Book Wall Disease  The Psychological Toll of Living Up Against a Border

Download or read book Wall Disease The Psychological Toll of Living Up Against a Border written by Jessica Wapner and published by The Experiment, LLC. This book was released on 2020-10-06 with total page 133 pages. Available in PDF, EPUB and Kindle. Book excerpt: We build border walls to keep danger out. But do we understand the danger posed by walls themselves? East Germans were the first to give the crisis a name: Mauerkrankheit, or “wall disease.” The afflicted—everyday citizens living on both sides of the Berlin wall—displayed some combination of depression, anxiety, excitability, suicidal ideation, and paranoia. The Berlin Wall is no more, but today there are at least seventy policed borders like it. What are they doing to our minds? Jessica Wapner investigates, following a trail of psychological harm around the world. In Brownsville, Texas, the hotly contested US-Mexico border wall instills more feelings of fear than of safety. And in eastern Europe, a Georgian grandfather pines for his homeland—cut off from his daughters, his baker, and his bank by the arbitrary path of a razor-wire fence built in 2013. Even in borderlands riven by conflict, the same walls that once offered relief become enduring reminders of trauma and helplessness. Our brains, Wapner writes, devote “border cells” to where we can and cannot go safely—so, a wall that goes up in our town also goes up in our minds. Weaving together interviews with those living up against walls and expert testimonies from geographers, scientists, psychologists, and other specialists, she explores the growing epidemic of wall disease—and illuminates how neither those “outside” nor “inside” are immune.

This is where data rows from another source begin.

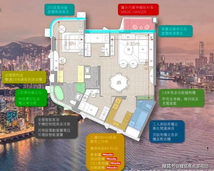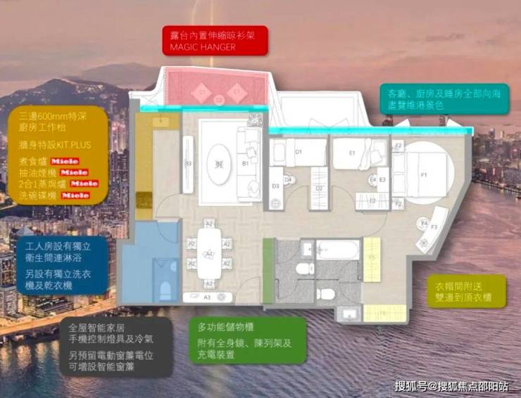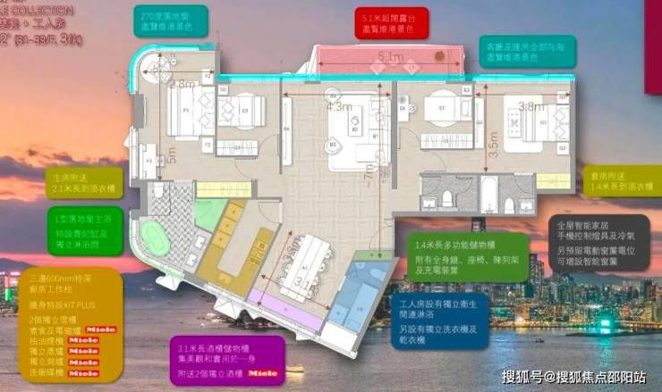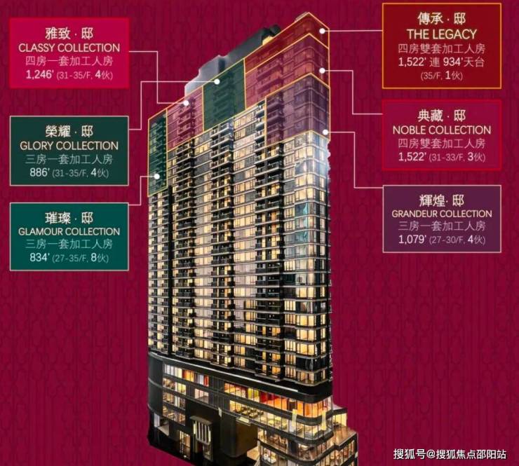 住宅分为Victoria Zone、Signature Zone两个区域。Victoria Zone为27楼以上的单位,大部分拥有维港烟花海景景观。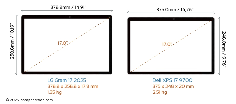 HDMI Gram 17 2025 features an HDMI port (1x HDMI 2.1) for connecting to external monitors. XPS 17 9700 does not have an HDMI port.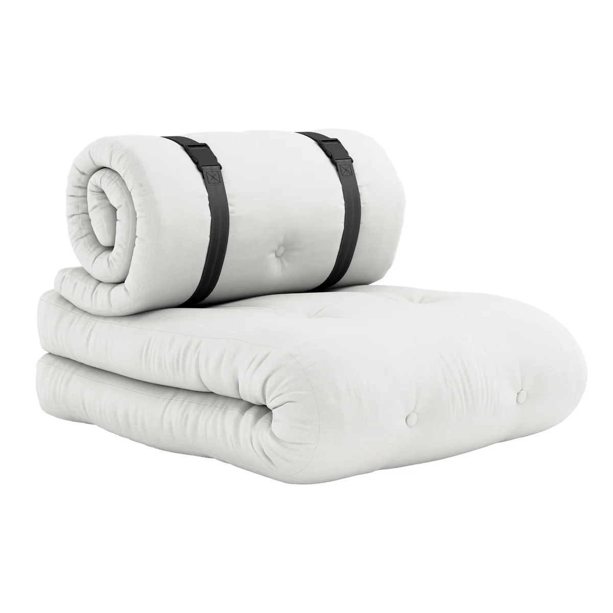 La chaise Buckle Up OUT de Karup Design vous invite à vous détendre au soleil et peut également être utilisée pour une petite sieste si nécessaire. Il se compose de deux matelas, l'un plié pour servir de siège et l'autre enroulé et attaché avec des sangles comme dossier. En relâchant les sangles et en enroulant le dossier sur le matelas épais, vous obtenez un lit extérieur confortable de 200 x 70 cm, sur lequel vous pouvez vous détendre confortablement.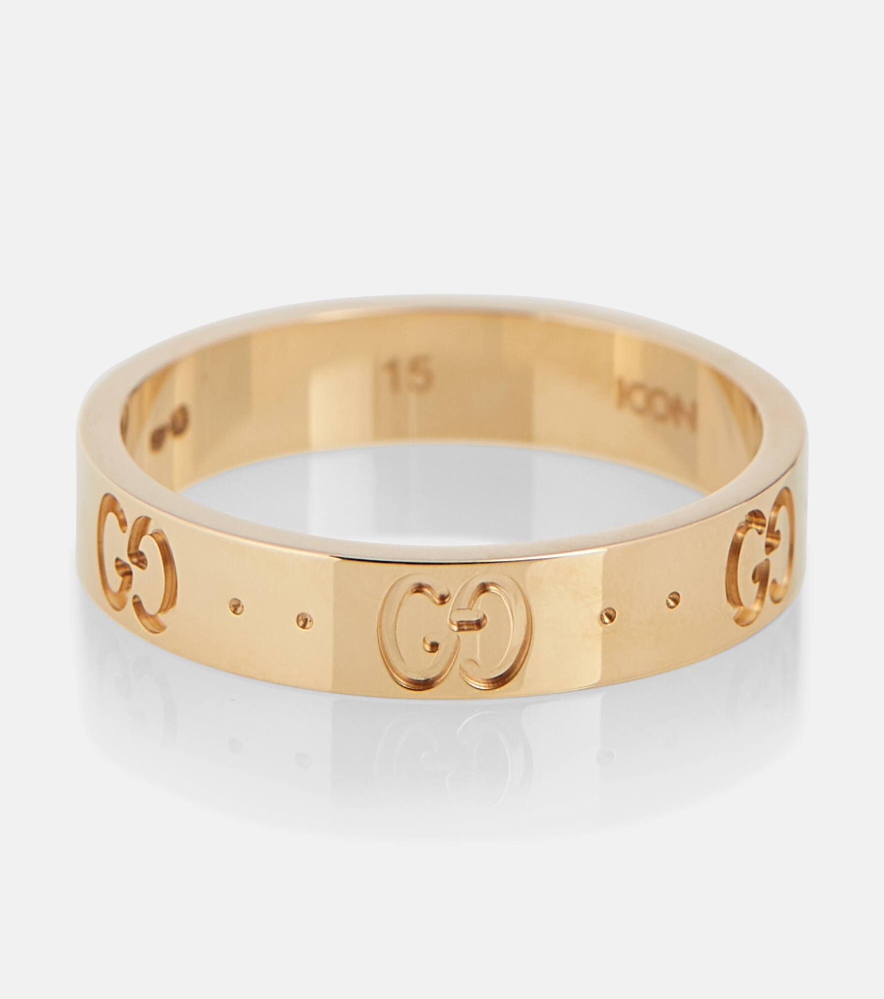 This 18kt yellow gold ring from Gucci will suit both minimalists and maximalists alike. The slender band is engraved with the house's Double G motif and can be worn on its own, or as part of a stacked look with other favorites from the brand. Product Details - Made in Italy - Designer color name: Gold - Item number: P00585876 Size & Fit - Width 4mm-0.15"
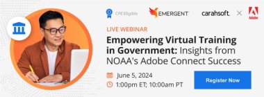 Watch this on-demand webinar which explores how Adobe Connect supports the DOC and its sub-agencies in achieving their training goals while keeping attendee interest high. Mike Shelby, Deputy Communications Director and Robert Levy, Video Production Manager, from the National Oceanic and Atmospheric Administration (NOAA) shares their success stories in using Adobe Connect for webinars, demonstrating the unique features that have contributed to their success. Learn how they utilize these tools to create impactful events and how they adapt to meet the evolving needs of their audiences.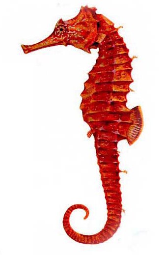 ⑤日本海马:体长76~100毫米。头冠低小,上具5个短小钝棘。吻部较短,约近头长的1/3。体侧扁,腹部突出。尾部四棱形,以后渐细,卷曲。骨质环体部11,尾部37~38;躯干部第1、4、7、11和尾部5、9、10、12体环棱棘特别发达。背鳍16~17,臀鳍4,胸鳍13。体灰褐色,头上、吻部及颊部具不规则斑纹,体侧亦有不规则斑纹,腹缘黑褐色。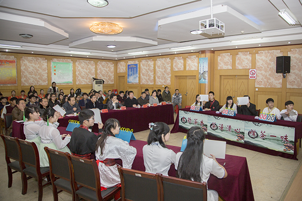 本次大赛包括茶文化知识竞答和创意主题茶艺表演两个部分。知识竞答时,来自六组团队的12名代表在答题桌前各显神通,凭借慧心妙舌巧解道道难题,不仅向评委和观众充分展示了他们对茶文化的了解,还不时引得会场掌声阵阵。抢答环节的设置更是妙趣横生,不仅考验了选手对茶文化知识的了解,更进一步考验了团队成员之间那种默契的配合。表演的选手们或是身着白裙汉服,或是典雅旗袍,依次对红茶盖碗泡法、绿茶玻璃杯泡法、乌龙茶壶盅单杯泡法茶艺进行了展示。动作娴熟,手法轻柔,伴随着行云流水般的音乐将传统的茶艺表演与独具特色的水果雕刻以及琴、棋、书、画、朗诵、情景剧等众多元素融合,将会场气氛推向顶峰,充分烘托了传统茶艺之美。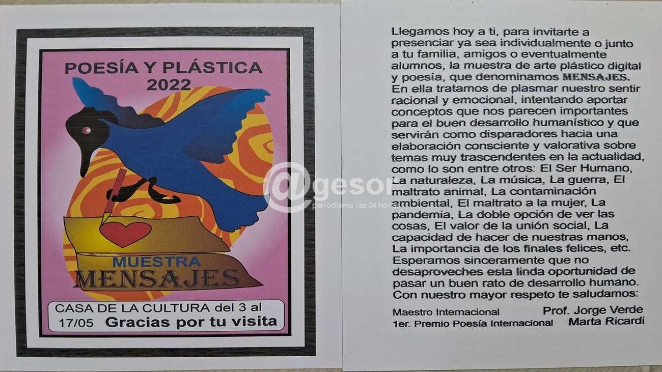 Este viernes 3 de Mayo queda habilitada la muestra "Mensajes" de Jorge Verde (plastica) y Marta Ricardi (poesía).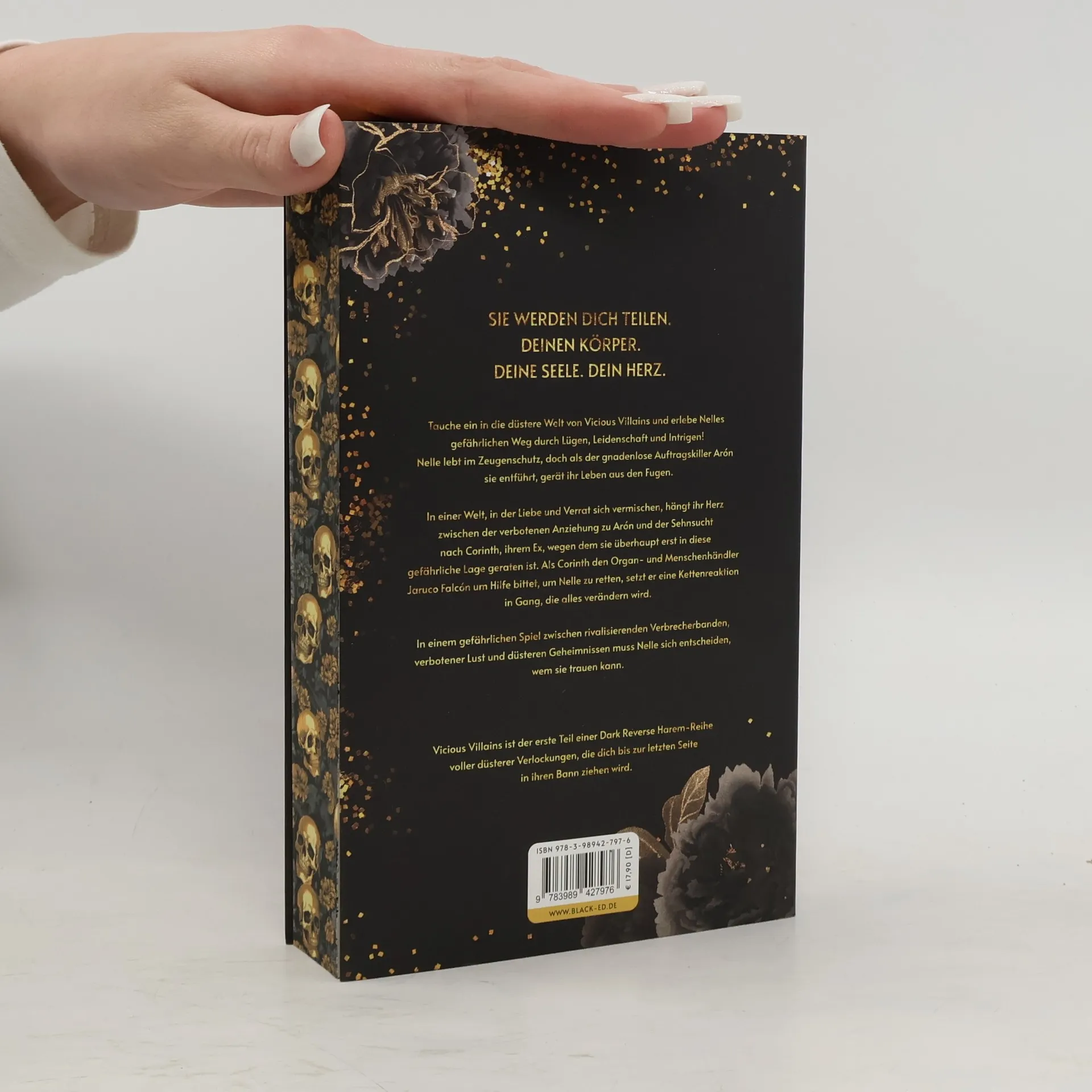 +++ Aufwendig gestaltete Ausgabe mit Farbschnitt +++ SIE WERDEN DICH TEILEN. DEINEN KÖRPER. DEINE SEELE. DEIN HERZ. Tauche ein in die düstere Welt von Vicious Villains und erlebe Nelles gefährlichen Weg durch Lügen, Leidenschaft und Intrigen! Nelle lebt im Zeugenschutz, doch als der gnadenlose Auftragskiller Arón sie entführt, gerät ihr Leben aus den Fugen. In einer Welt, in der Liebe und Verrat sich vermischen, hängt ihr Herz zwischen der verbotenen Anziehung zu Arón und der Sehnsucht nach Corinth, ihrem Ex, wegen dem sie überhaupt erst in diese gefährliche Lage geraten ist. Als Corinth den Organ- und Menschenhändler Jaruco Falcón um Hilfe bittet, um Nelle zu retten, setzt er eine Kettenreaktion in Gang, die alles verändern wird. In einem gefährlichen Spiel zwischen rivalisierenden Verbrecherbanden, verbotener Lust und düsteren Geheimnissen muss Nelle sich entscheiden, wem sie trauen kann. Stell dir eine Welt vor, in der die Guten nicht immer so gut und die Bösen noch böser sind. Das ist 'Vicious Villains'. Intrigen, Verrat und absolut dunkler Spice - und du bist mittendrin. Ein Abenteuer, das deinen moralischen Kompass auf den Kopf stellt und deinen Puls rasen lässt. Du wirst es lieben, versprochen! Vicious Villains ist der erste Teil einer Dark-Reverse-Harem-Reihe voller düsterer Verlockungen, die dich bis zur letzten Seite in ihren Bann ziehen wird.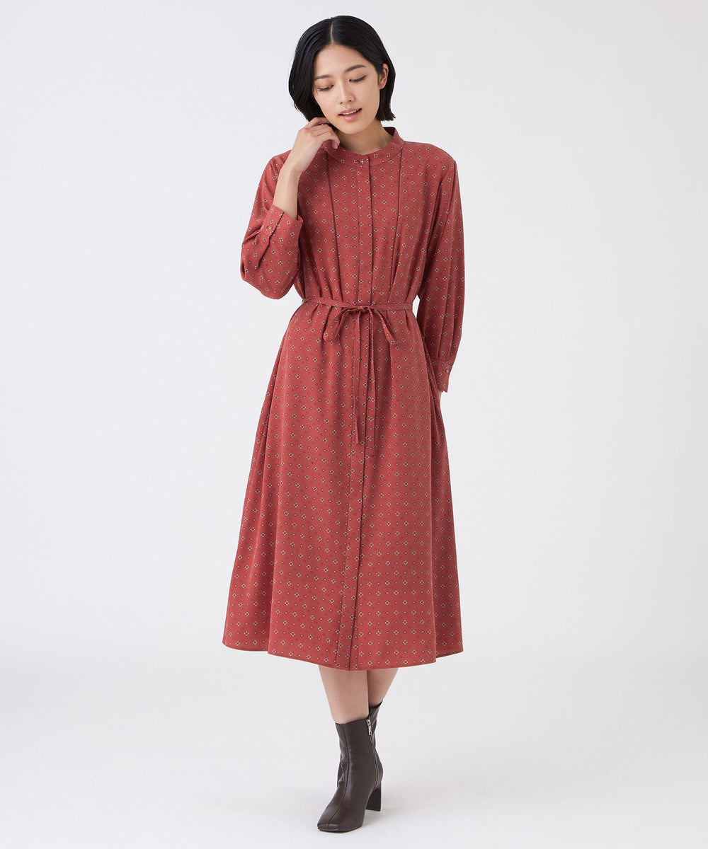 【ウォッシャブル】ジオメトリックプリントワンピース
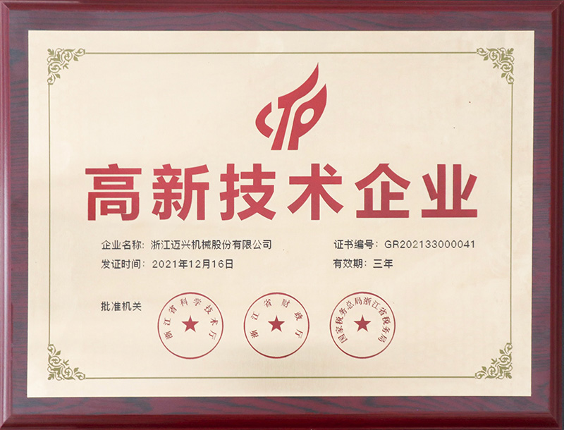 邁興通過了多種國際體系認證、獲得了多份國家榮譽證書

Book Culture and Health Disparities

Download or read book Culture and Health Disparities written by John G Bruhn and published by Springer. This book was released on 2014-05-21 with total page 88 pages. Available in PDF, EPUB and Kindle. Book excerpt: The sister cities of the southwestern United States border are challenged by widespread environmental and health issues and limited access to help. And while different initiatives have been set up to improve health outcomes and lessen inequities in the border region, evaluation data are scarce. Culture and Health Disparities provides a perspective on U.S.-Mexico border health with an evidence-based guide for conceptualizing, implementing, and evaluating health interventions. Taking into account the unique qualities of border life and their influence on general wellbeing, this important volume offers detailed criteria for creating public health programs that are medically, culturally, and ethically sound. The book identifies gaps in intervention research on major health concerns in the area, relating them to disparity-reduction efforts in the rest of the U.S. and arguing for more relevant means of data gathering and analysis. The author also asserts that progress can be made on both sides of the border despite concurrent social and political problems in the region. Included in the coverage: The border region as a social system. The development of health disparities: a life-course model. A social systems approach to understanding health disparities. A critique of U.S.-Mexico border health interventions. Evaluating interventions to reduce healthcare disparities. Ethical issues in health interventions across cultures and contexts. A text for researchers and practitioners working to promote border health and reduce service inequalities, Culture and Health Disparities asks pertinent questions and provides workable, meaningful answers.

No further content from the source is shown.